Group Sequence Policy Optimization

📝 Paper Summary

Large Language Model Reinforcement Learning Policy Optimization Algorithms

GSPO stabilizes RL training for large language models by applying importance sampling and clipping at the sequence level rather than the token level, preventing the accumulation of high-variance noise.

Core Problem

Current RL algorithms like GRPO exhibit severe instability when training gigantic models (especially MoEs) on long responses, often causing irreversible model collapse due to ill-posed token-level objectives.

Why it matters:

Instability prevents scaling RL to larger models and longer reasoning chains necessary for advanced math/coding tasks
Existing methods like GRPO require complex, memory-intensive workarounds like 'Routing Replay' to train MoE models
Token-level importance weights in GRPO are mathematically misapplied, introducing high-variance noise that accumulates over long sequences

Concrete Example: In a 48-layer MoE model, ~10% of activated experts change between the old and new policy after a single update. GRPO's token-level weighting fluctuates drastically due to this shift, causing gradients to explode and the model to collapse, whereas GSPO remains stable by looking at the whole sequence.

Key Novelty

Sequence-Level Importance Sampling for RL

Shifts the unit of optimization from individual tokens to entire sequences, matching the granularity of the reward signal
Calculates importance ratios based on the likelihood of the whole response, ensuring the 'off-policy' correction is mathematically valid
Eliminates the need for 'Routing Replay' in MoE training because sequence-level likelihoods are robust to internal expert routing volatility

Evaluation Highlights

Achieves superior training efficiency and benchmark performance compared to GRPO on AIME'24 and LiveCodeBench using Qwen3-30B-A3B-Base
Inherently stabilizes Mixture-of-Experts (MoE) training without requiring the memory-heavy 'Routing Replay' strategy needed by GRPO
Maintains stability even when clipping significantly larger fractions of tokens (two orders of magnitude more than GRPO), proving the noise-reduction capability

Breakthrough Assessment

9/10

Identifies a fundamental mathematical flaw in state-of-the-art RL (GRPO) and fixes it with a theoretically grounded sequence-level approach. It solves a critical instability issue for MoE models and simplifies infrastructure.

⚙️ Technical Details

Problem Definition

Setting: Reinforcement learning from query-response pairs with sparse rewards

Inputs: Query x

Outputs: Response y (sequence of tokens)

Pipeline Flow

Policy generates G responses for query x
Verifier scores responses to get rewards
Compute advantage for group
Compute sequence-level importance ratio
Update Policy

System Modules

Policy Model

Generate responses to queries

Model or implementation: Qwen3-30B-A3B-Base (MoE)

Verifier

Assign scalar rewards to generated responses

Model or implementation: External reward function/model

Novel Architectural Elements

Substitution of token-level clipping mechanism with sequence-level clipping mechanism in the optimization loop

Modeling

Base Model: Qwen3-30B-A3B-Base

Training Method: Group Sequence Policy Optimization (GSPO)

Objective Functions:

Purpose: Optimize policy to maximize reward while staying close to old policy.

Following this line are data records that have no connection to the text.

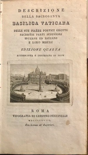 12mo (cm. 19), XI-215(1) pp. con una graziosa incisione al frontespizio (veduta di piazza S. Pietro) e due tavv. f.t. (pianta e veduta interna della Basilica). Legatura coeva in mz. pelle con fili e titolo impresso in oro al ds. (lievi tracce d’uso). Esemplare in ottimo stato di conservazione. Il nome dell’A. si ricava da L. Schudt, Le guide di Roma, n. 998. Rossetti, 1319.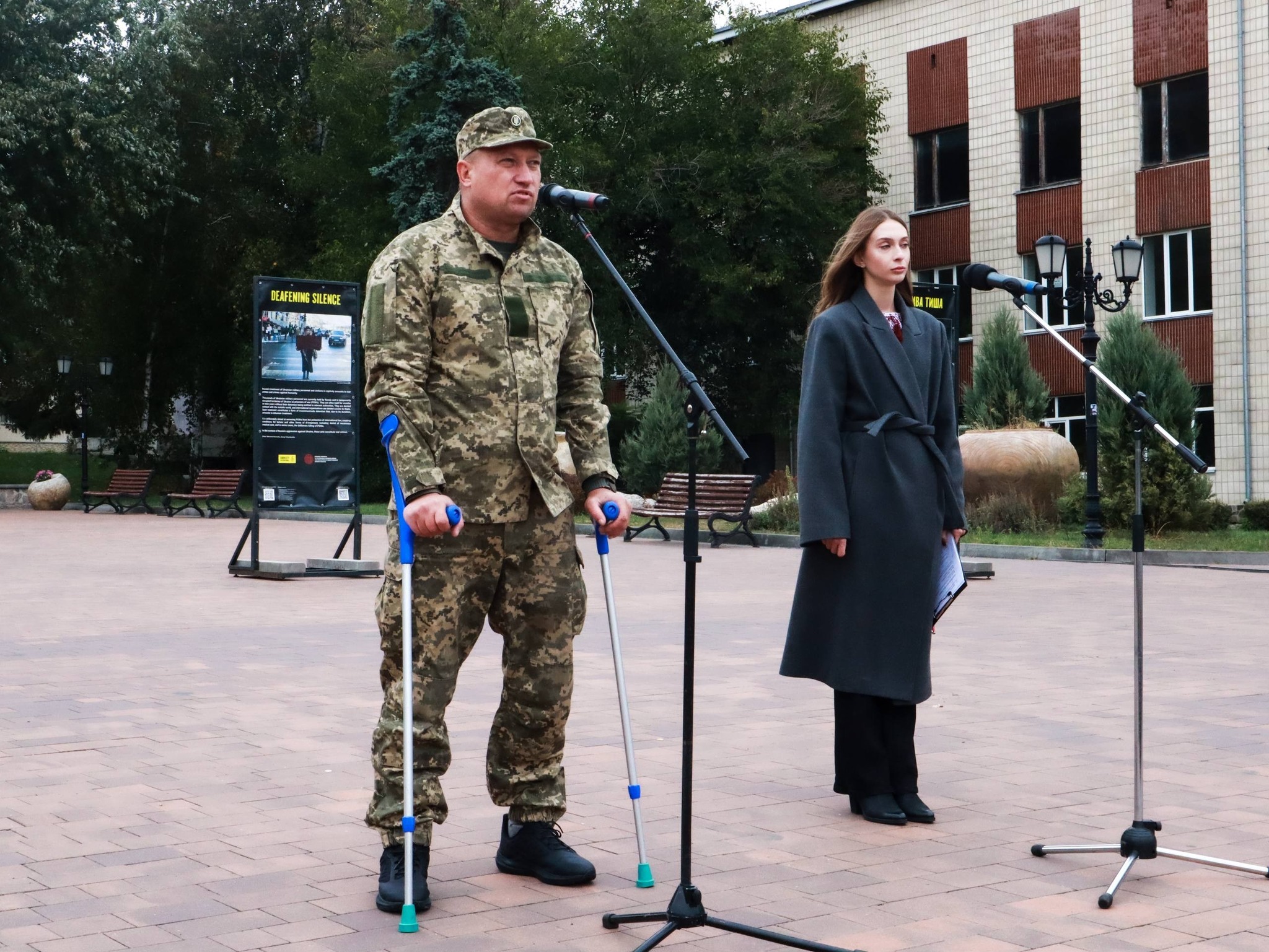 Завершився захід відкриттям надзвичайно потужної фотовиставки «Оглушлива тиша». Ці світлини, сильніші за будь-які слова, розповідають про втрати, про незламну мужність українських захисників та про ту високу ціну, яку доводиться платити за свободу й незалежність нашої держави. Вони служать вічним нагадуванням про ціну миру.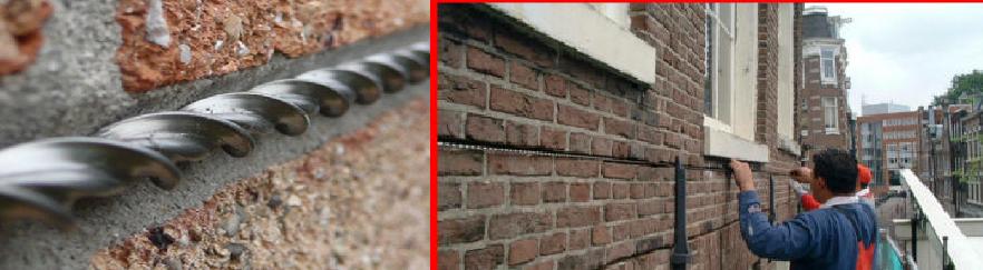 Om weer verbinding in het gescheurde metselwerk te krijgen kan er wapening geplaatst worden. De roestvast stalen wokkelvormige wapening, welke gebruikt wordt bij het stabiliseren van het gescheurde metselwerk, heeft een dusdanige vorm dat deze gelijktijdig sterk maar toch ook door zijn flexibiliteit de noodzakelijke bewegingen in het metselwerk op kan nemen.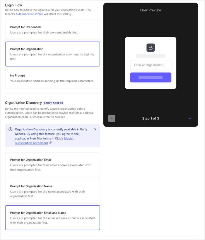 Administrators can further curate the end user experience by enabling the Prompt for Organization toggle, which requires users to identify the Organization they’re logging into by either the Organization Name or Organization Email.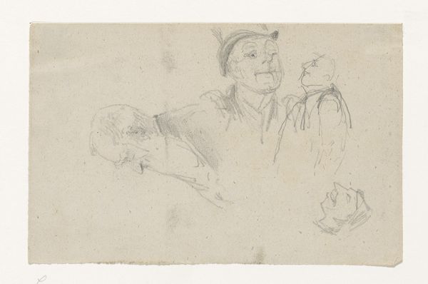 Curator: Here we have "Haas en jager," or "Hare and Hunter," a pen and ink drawing by Johannes Tavenraat, estimated to be made sometime between 1840 and 1880. What’s your immediate take? Editor: I’m struck by the feeling of a fleeting moment—almost like a half-remembered dream. The rabbit, especially, seems caught mid-leap, and the hunter below, he's... timeless? Curator: Timeless is a great word. To me, Tavenraat captured this everyday tension between predator and prey, literally. Hunting, after all, carries a very loaded history tied to land ownership, social class, and access to resources, something definitely worth unpacking here. Editor: Absolutely, the right to hunt, or the lack thereof, historically shaped hierarchies. I am interested in what is evoked by this composition. The artist has chosen to use a simple pen and ink. Is this intentional so as not to give favor to the hunter in that he uses simplistic, unadorned medium? Curator: It's intriguing to ponder that maybe Tavenraat opted for ink to convey rawness, and maybe even make a statement on ethics surrounding the act of hunting, considering class distinctions during this period. But on the flip side, genre paintings were also popular then—showing everyday life, almost romanticized at times. Editor: It could easily be that, it’s definitely multi-layered. It makes me wonder who the intended audience was and whether the piece served a purpose beyond art, perhaps communicating ideas about societal roles, economic disparity, the hunter/hunted dichotomy—which transcends just the literal reading of hare versus human. Curator: You've totally got me thinking... It might be worth seeing how it was originally received back then. Because context, well, it changes everything, doesn't it? And yet, as art it also lives outside that particular context now. Editor: Precisely! Now we look through our lenses—informed by contemporary ideas of social justice. And that interplay is, for me, where this work truly speaks.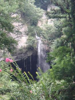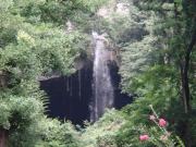本来ならこのお堂の左手から階段の参道を5分ほど登ると滝の直下まで行くことができる.巨大な岩盤から落差37メートルを直落する比較的細い滝で,滝に打たれるいわゆる滝行が行われる滝である.また滝の裏側は広い岩窟になっているため,裏見ができる滝としても有名である.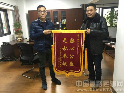 2月20日,我县环保局副书记、副局长谭益强一行来到长运公交公司,把一面绣有“热心公益,无私奉献”的锦旗送到了公司经理卢成斌的手中,以此表达公交公司一年来为安吉生态公益事业的支持。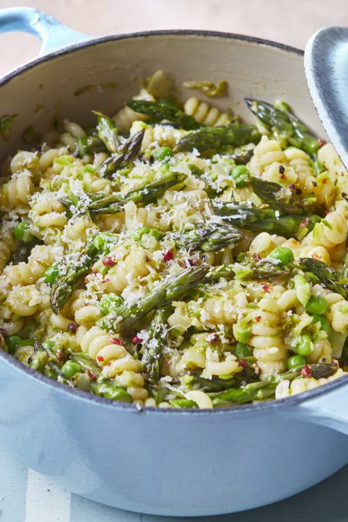 Return to the frying pan and gently fold in the pasta, asparagus tips and peas. Pour in enough of the reserved cooking water to make a rich sauce.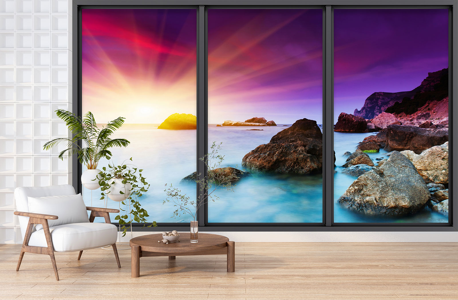 www.lumalea.es > Papeles Pintados > > > Papeles Pintados Trampantojo 3D > Ventanas Panorámicas Trampantojo 3D > Papel pintado panorámico trampantojo - Vista al mar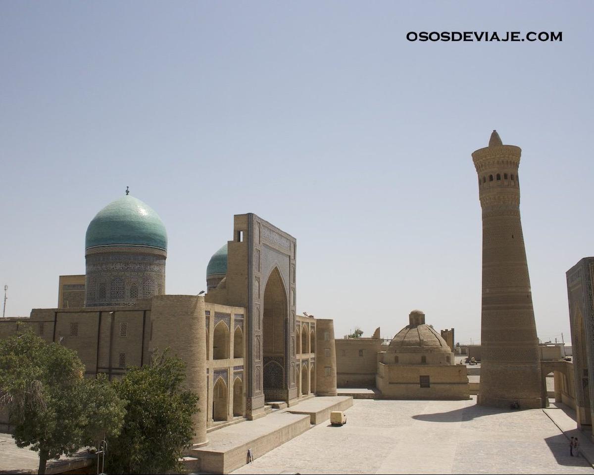 La siguiente parada és el complejo de Kalyan. El minarete Kalyan también conocido como la torre de la muerte ha sido durante siglos el símbolo de Bujara y del Islam. Data del siglo XII i fue durante mucho tiempo el lugar de ejecuciones. Los condenados eran lanzados desde la torre. Junto al minarete Kalyan se encuentra la madrasa de Miri-Arab una de las pocas madrasas en activo que quedan en Uzbekistán. Data del siglo XVI y ha actuado como escuela coránica durante V siglos (con algún que otro periodo de interrupción). En frente de la madrassa se halla la mezquita Kalyan, la mezquita principal de Bujara. Se trata de una construcción expléndia cuyas dimensiones son comparablesa a las mezquitas construidas por los timuritas en Samarcanda y Herat.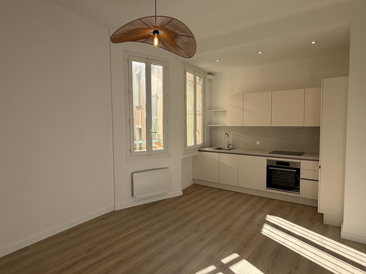 Port de Nice / Antiquaires - Dans un immeuble niçois au calme, très beau 2 pièces lumineux et refait à neuf composé d'un grand séjour de 20m² avec cuisine neuve, une salle d'eau avec douche à l'italienne et WC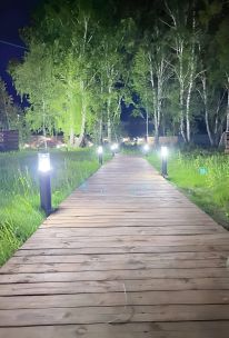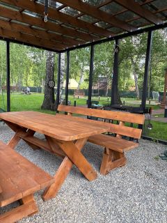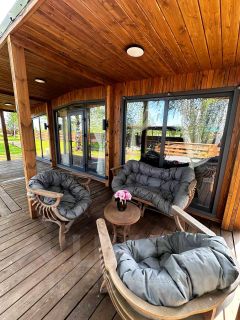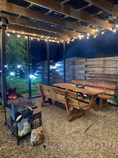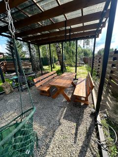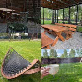 Мангаланая зона - это не просто мангал. Это отдельная терраса с подвесными качелями, незабываемым освещением и большим столом.
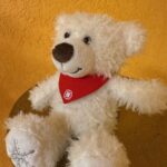 Der kleine PENYA Schmuse-Eisbär, hergestellt in Oberfranken, freut sich schon auf den ersten liebevollen Kuschelkontakt.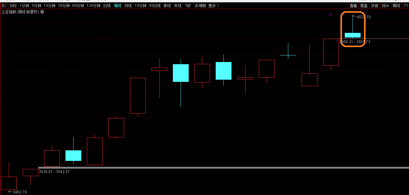 1. 在高位出现周线级别冲高回落,并留下了长上引线,说明这里抛压很大。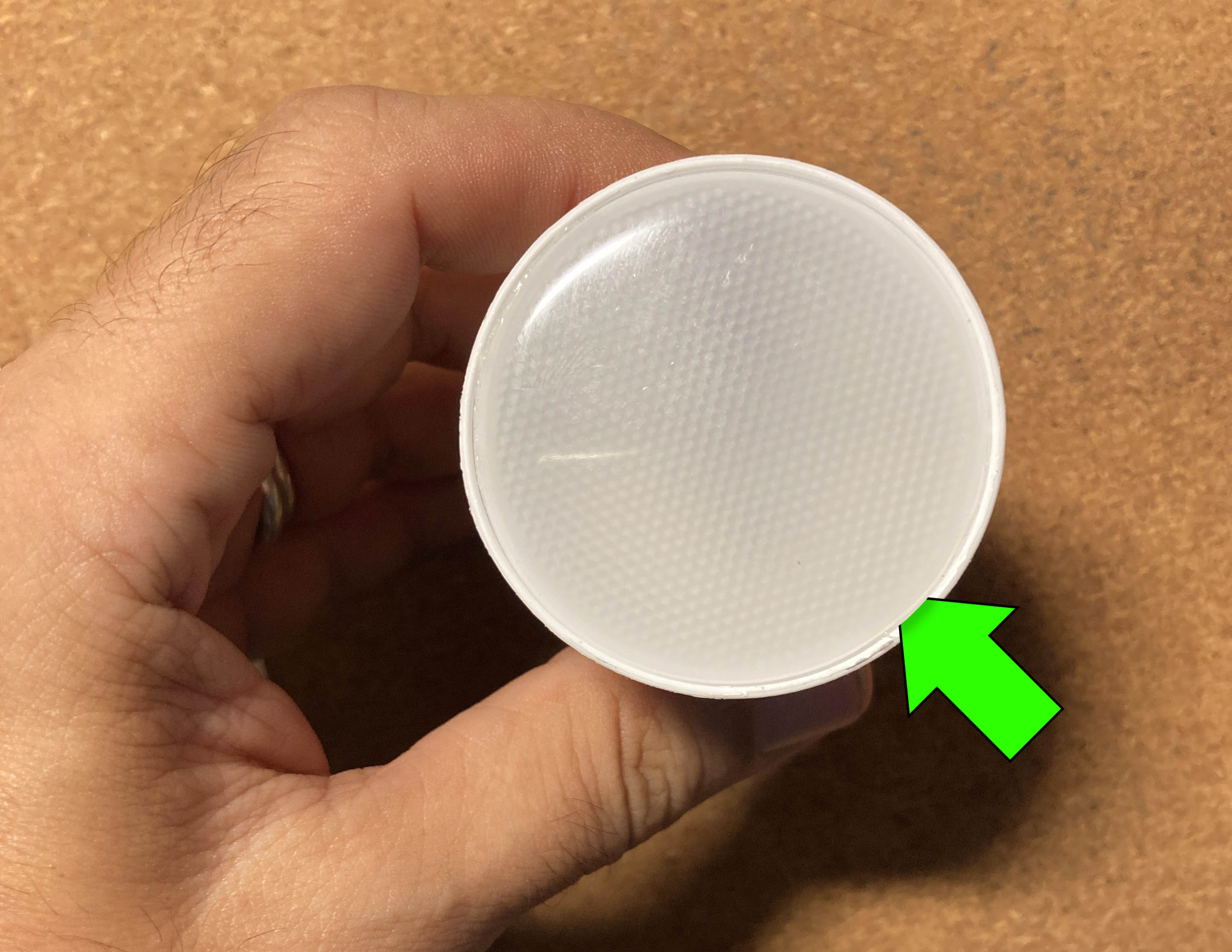 Bombilla led con base tipo GU10 cuya luz baja y sube de intensidad de manera aleatoria hasta que, estando caliente, se queda en baja intensidad. Otros síntomas similares incluyen parpadeos y variaciones de potencia lumínica. Voy a intentar darle solución para no generar residuos electrónicos prematuros.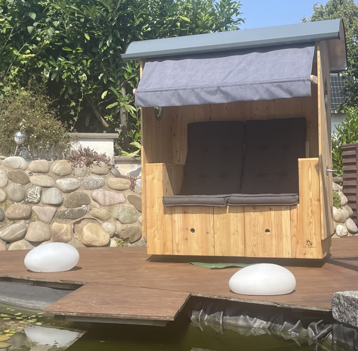Unsere individuellen Hütten-Strandkörbe sind die perfekte Ergänzung für den Garten und bieten eine wohltuende Alternative zu anderen Designs. Die hervorragende Verarbeitung und die innovative Drehfunktion ermöglichen es, den Strandkorb in die gewünschte Position zu bringen und die Sonne zu genießen.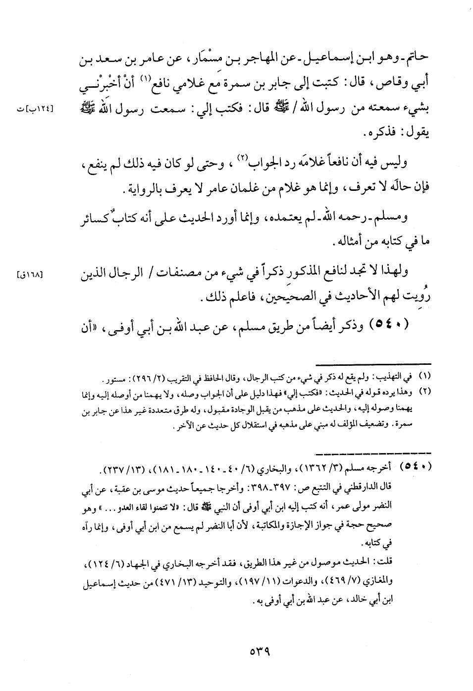 (540) وَذكر أَيْضا من طَرِيق مُسلم، عَن عبد الله بن أبي أوفى، " أَن

Formally: Maximize E[ min( s_i(θ) * A_i, clip(s_i(θ), 1-ε, 1+ε) * A_i ) ] where s_i(θ) is the sequence-level importance ratio.

Training Data:

Not explicitly detailed (queries used for RL rollout)

Key Hyperparameters:

GSPO left clipping range: 3e-4
GSPO right clipping range: 4e-4
GRPO left clipping range: 0.2
+ 2 more
GRPO right clipping range: 0.27
mini_batches per rollout: 4

Compute: Not reported in the paper

Comparison to Prior Work

vs. GRPO: GSPO uses sequence-level importance ratios and clipping instead of token-level. GSPO weights all tokens in a response equally rather than varying weights per token.
vs. PPO: GSPO does not require a separate value model (like GRPO), but differs by using sequence-level constraints.
vs. DPO [not cited in paper]: GSPO is an online RL method using rollouts and rewards, whereas DPO is typically offline using preference pairs.

Limitations

No specific limitations explicitly acknowledged in the text provided
Relies on the assumption that sequence-level reward alignment is always superior to token-level granular control (though GSPO-token variant is proposed)

Reproducibility

Code: https://github.com/QwenLM/Qwen2.5

No replication artifacts (code, data, scripts) mentioned in the paper. The method is described mathematically. Base model is Qwen3-30B-A3B-Base.

📊 Experiments & Results

Evaluation Setup

RL fine-tuning of a cold-start MoE model on math and code tasks

Benchmarks:

AIME'24 (Mathematics)
LiveCodeBench (Code Generation)
CodeForces (Competitive Programming)

Metrics:

Pass@1 (average over samplings)
Elo Rating
Statistical methodology: Not explicitly reported in the paper

Experiment Figures

Comparison of training stability and performance between GSPO and GRPO.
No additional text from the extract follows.